I am running your code on a Cerb40 II device and I experience following problems:

I succeed in transmitting messages but there seems to be something wrong with the checking of the transmitter ready condition. The code FreeToTransmit always seems to return true. On the other hand following code lines
wait_ack = 0;
while (((CAN_MSR.Read() & 2) != 2) && (wait_ack != INAK_TIMEOUT))
wait_ack++;

in PostMessage always cause a fixed pause (1e condition is never true and the loop always exits when wait_ack reaches INAK_TIMEOUT). Because of this fixed pause the test program runs ok but the code lines could as well be replaced by a Sleep.

I did not succeed on receiving messages on the CERB40. I have exactly the same behavior as mentioned by Ninja. MessageReceived always returns true a fixed message even when there is no activity on the canbus. Has anybody ever succeeded in receiving a single message?

Remarks

  • Tests have been done on canbus with an old FEZ-Rhino board (unmanaged driver) and PIC24F (ECAN native C code).
  • I know (now) that I had better selected the G120 with extended lib support. However my hardware is ready and the managed driver should do the job at a low bitrate.

Any help appreciated
Luc


#20

I know this is an old topic but it has some good information and I recently made some updates to Aaron’s driver and I just uploaded them to codeshare here: https://www.ghielectronics.com/community/codeshare/entry/1001

I also put an example of how to set up a CAN channel and the Arbitration ID filters to be able to read CAN messages.

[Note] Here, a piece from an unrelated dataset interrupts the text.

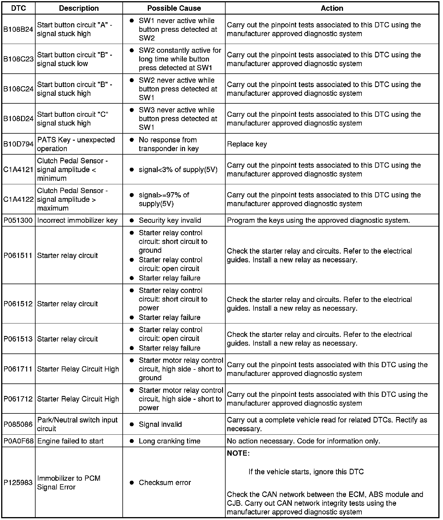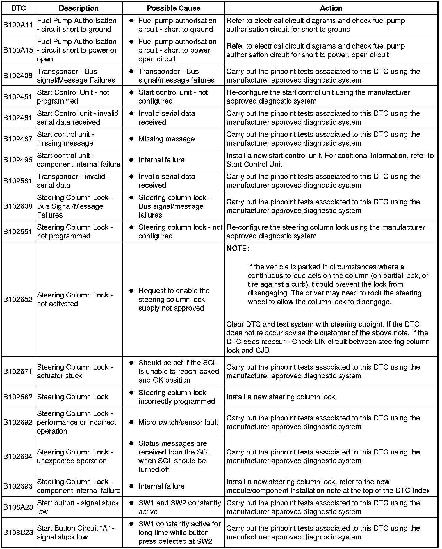 Generic scan tools may not read the codes listed, or may read only five digit codes. Match the five digits from the scan tool to the first five digits of the seven digit code listed to identify the fault (the last two digits give additional information read by the manufacturer approved diagnostic system).

In response to Luc (LGOR), CAN_MSR has a SLEEP bit. That line you pasted in just had a bug in it. It should have been checking if bit 2 was set to see if the CAN device was asleep, not checking if it is NOT asleep. I also JUST realized that you posted a cerb CAN driver like a year and a half ago (I wish I would have noticed when I started trying to use my cerberus for CAN, haha). To anyone looking for it, it is in codeshare here: https://www.ghielectronics.com/community/codeshare/entry/792

Anyway, the main update I made for this was to add a way to set up the CAN filters. Just pass a uint array of Arbitration IDs, whether or not they are extended IDs, how many Arbitration IDs you want to see, and a boolean to tell if you’d rather just allow all traffic through (not recommended on a bus with a lot of traffic).

Hopefully this post helps someone else who is looking for cerb-CAN information.